After having denied the allegations against him, Nzabirinda ended up pleading guilty in December 2006, admitting to have taken part, during the genocide, at organizing meetings for massacres and to have acted as an "approving spectator" during two murders committed in his vicinity.
The prosecution and defence had agreed to propose to the Chamber a sentence ranging between 5 and 8 years in prison. The Chamber, even if it followed their recommendation, was not held to respect this agreement.
Nzabirinda will be the third ICTR convict to finish serving his sentence.
In March, the former Councillor, Vincent Rutaganira, sentenced to six years in prison by the ICTR, found his freedom after having served the totality of his sentence.
The day following his release, Rutaganira had accused the administration of the ICTR of wanting to drive him out of the house where he was staying at the account of the ICTR while waiting to find a host country.

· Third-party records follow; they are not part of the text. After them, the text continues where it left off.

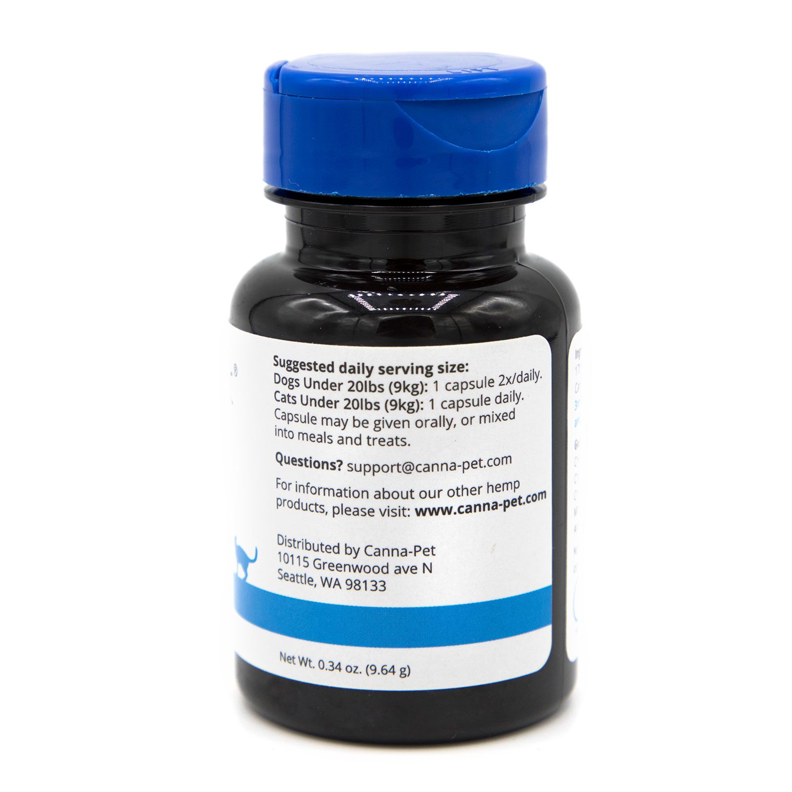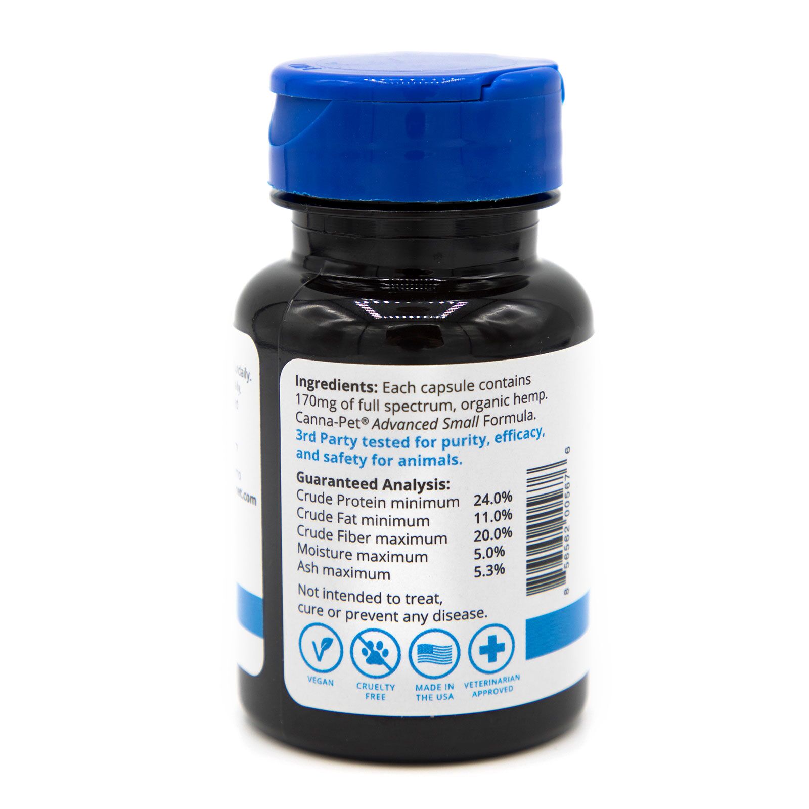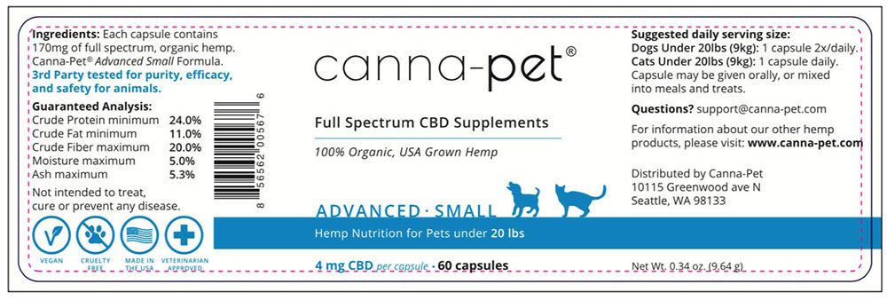 Our products contain Canna-Pet® Advanced CBD, a full spectrum of cannabinoids, terpenes and flavonoids. Utilizing extensive experience with CBD supplements and incorporating the latest research data, Advanced Small delivers even more of what has made our products so popular with pets, owners and veterinarians alike. Canna-Pet® Advanced Small offers significantly higher CBD and terpene bioavailability than other capsules, and is appropriate for pets from toy to medium size. 100% organic hemp. Further information.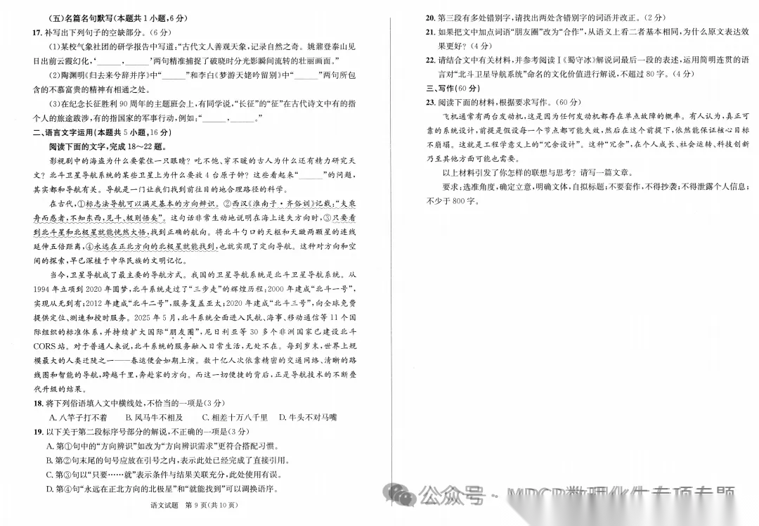 【湖北卷】湖北省十一校2026 届高三年级第二次联考(3.25-3.26) 数学语文试题卷+答案 【湖北卷】湖北省十一校2026 届高三年级第二次联考(3.25-3.26) 数学语文试题卷+答案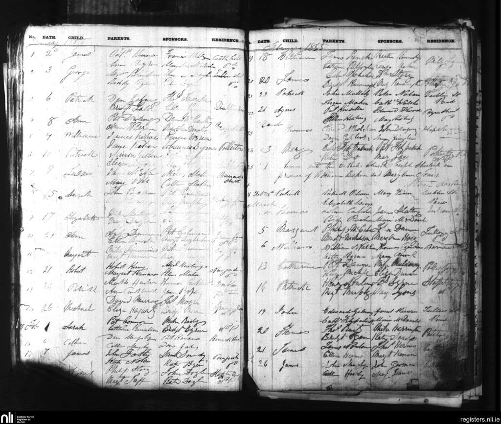 Carlow; County of Kildare, Carlow; Diocese of Kildare and Leighlin. Baptisms, Jan. 1855 to Mar. 1855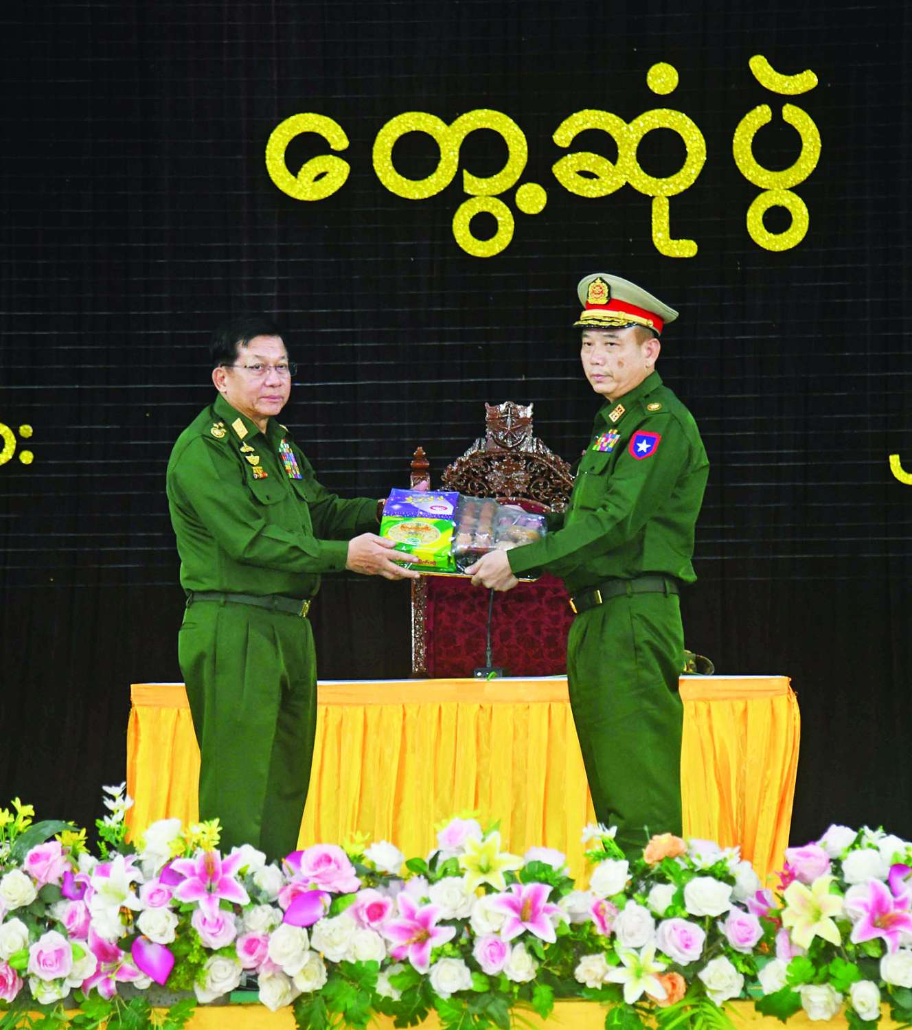 ယင်းနောက် နိုင်ငံတော်လုံခြုံရေးနှင့် အေးချမ်းသာယာရေးကော်မရှင်ဥက္ကဋ္ဌ တပ်မတော်ကာကွယ် ရေးဦးစီးချုပ်က အရာရှိ၊ စစ်သည်၊ မိသားစုများအတွက် စားသောက်ဖွယ်ရာပစ္စည်းများကို ပေးအပ်ရာ တိုင်းမှူးကလည်းကောင်း၊ နိုင်ငံတော်လုံခြုံရေးနှင့် အေးချမ်းသာယာရေးကော်မရှင်ဥက္ကဋ္ဌ တပ်မတော်ကာကွယ်ရေးဦးစီးချုပ်၏ ဇနီးက တပ်နယ်မိခင်နှင့် ကလေးစောင့်ရှောက်ရေးအသင်းအတွက် ချီးမြှင့်ငွေများကို ပေးအပ်ရာ တိုင်းမှူး၏ ဇနီးကလည်းကောင်း အသီးသီးလက်ခံရယူသည်။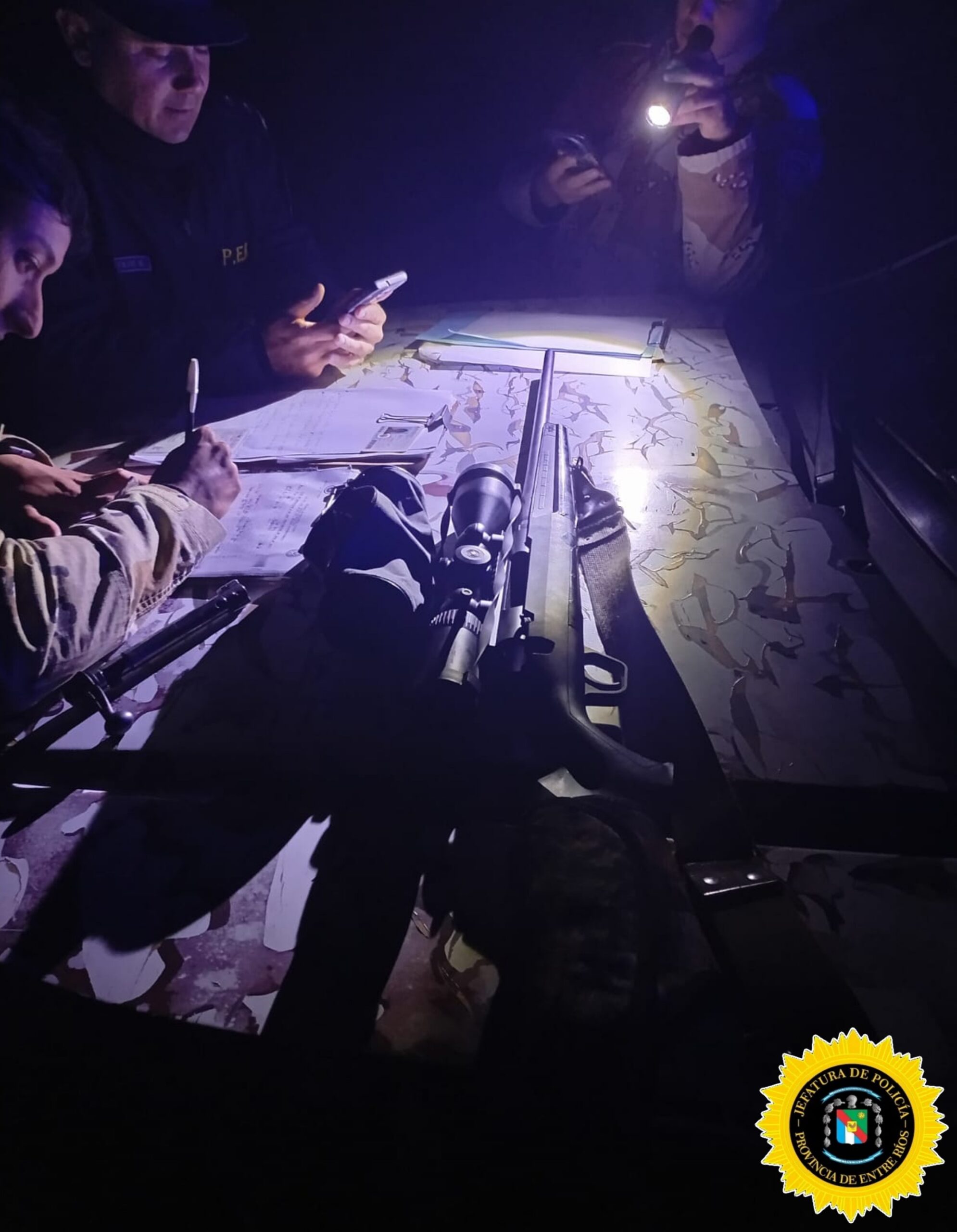 Por su parte la Brigada Interdepartamental con asiento en Bovril, sobre la medianoche de este jueves en colaboración a Comisaría Mojones Norte en el Departamento Villaguay, llevo a cabo otro procedimiento por aplicación a la misma ley en circunstancias que los policias interceptaran un automóvil Citroën C3 color azul, reflectoreando por los caminos hacia el interior de un campo, en el que se conducian dos ciudadanos de la localidad de Bovril, a quienes les incautaron un arma larga de fuego, Carabina a repetición calibre .308 PLG Winchester, marca Savage, con mira telescópica.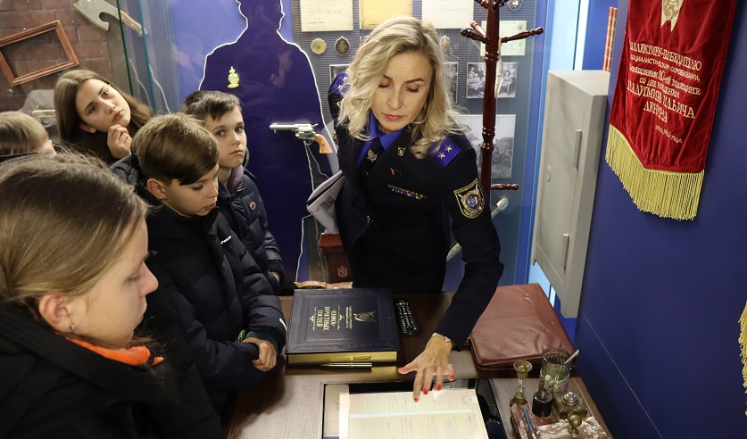 В коллекции музея имеются экспонаты с первыми орудиями преступления, древние тома уголовных дел, а также экспозиция рабочего места следователя 20-го века. Подросткам очень понравился занимательный экскурс в прошлое следователей и многие из них задавали вопросы как можно стать уже современным сотрудником Следственного комитета.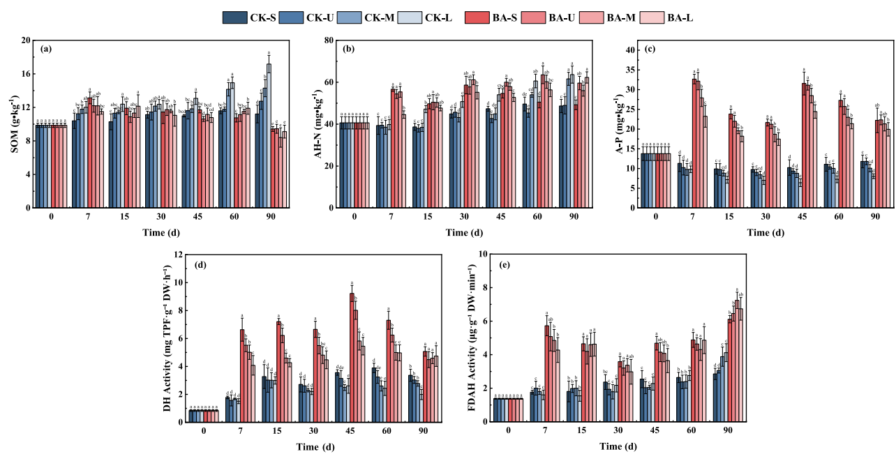 • 為評(píng)估生物修復(fù)期間的地球化學(xué)響應(yīng),對(duì) CK 對(duì)照組和 BA 處理組 90 天內(nèi)的土壤有機(jī)質(zhì)(SOM)、堿解氮(AH-N)、有效磷(AP)、熒光素二乙酸酯(FDA)水解酶活性及脫氫酶(DH)活性進(jìn)行了監(jiān)測(cè)。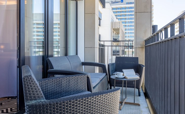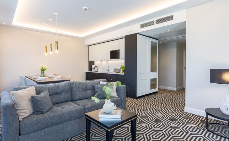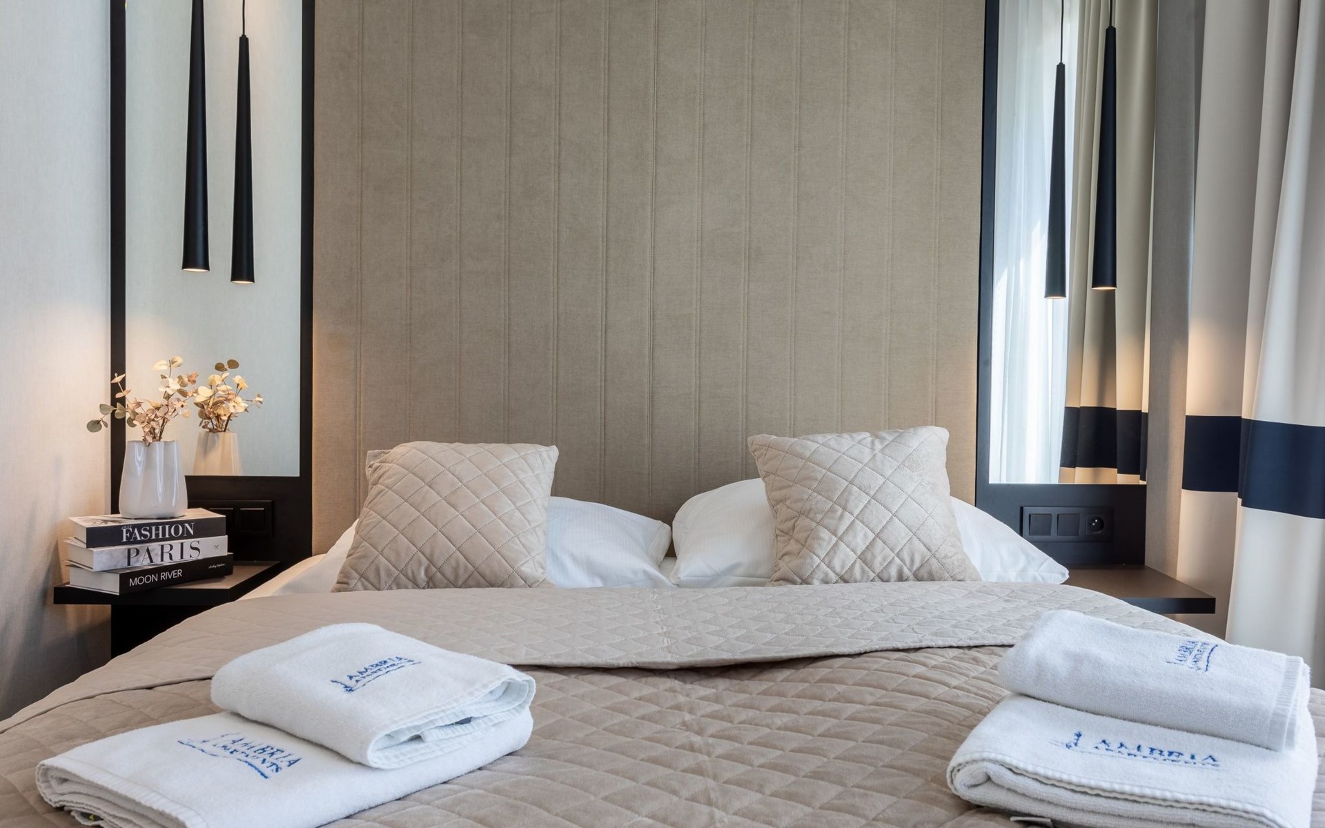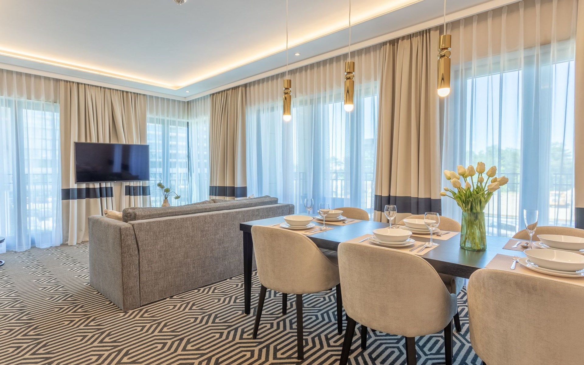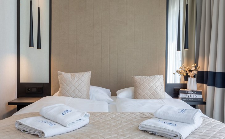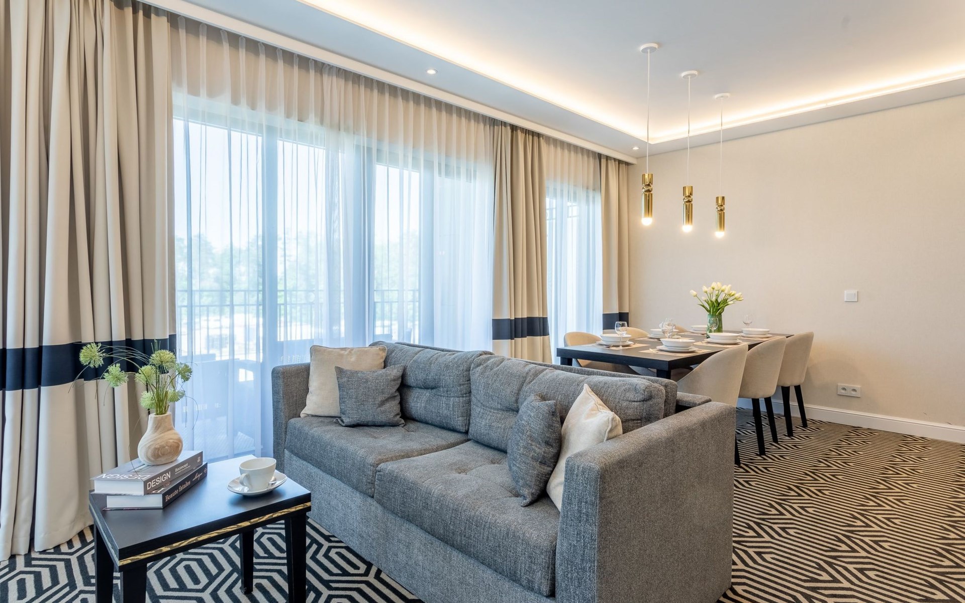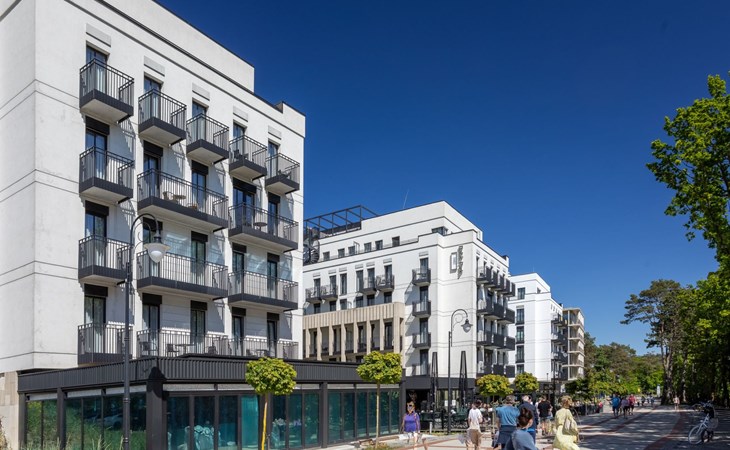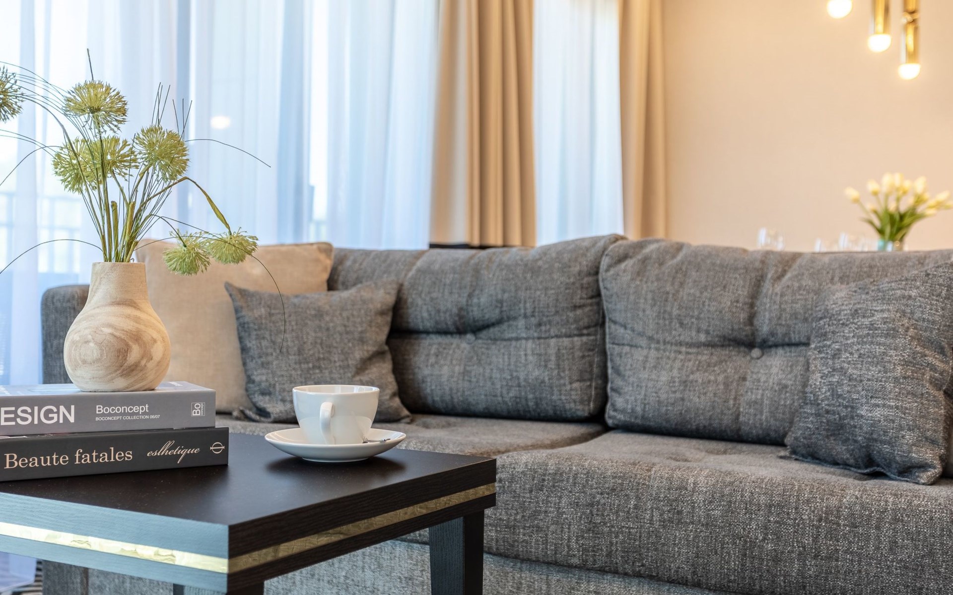 The flat consists of a living area with a kitchenette, two bedrooms and two bathrooms - its total area is 69m2. Its great advantage is air conditioning in every room and a balcony, which is a very practical extension of the living area. Each element of this classic interior has been selected to provide not only the greatest comfort of use, but also to influence the aesthetic sense and inspire pleasure in communicating with beauty and sophistication. The flat combines luxury and sensuality with a touch of lightness - the furnishings are expressive yet harmonious, warm and very sublime. It certainly encourages you to stay longer and allows you to spend your free time comfortably after all-day trips by the sea in a spirit of opulence and elegance.

Rutaganira, according to ICTR sources, is now residing in a Southern Africa country.
Questioned on the issue recently, the ICTR spokesperson, Roland Amoussouga, responded: "He is somewhere, but he [Rutaganira] does not wish that the place be revealed".
The first convict to have finished serving his sentence, Adventist Pastor Elizaphan Ntakirutimana, died from natural causes on 22 January 2007, less than a month after having been released. He had not yet found a host country either.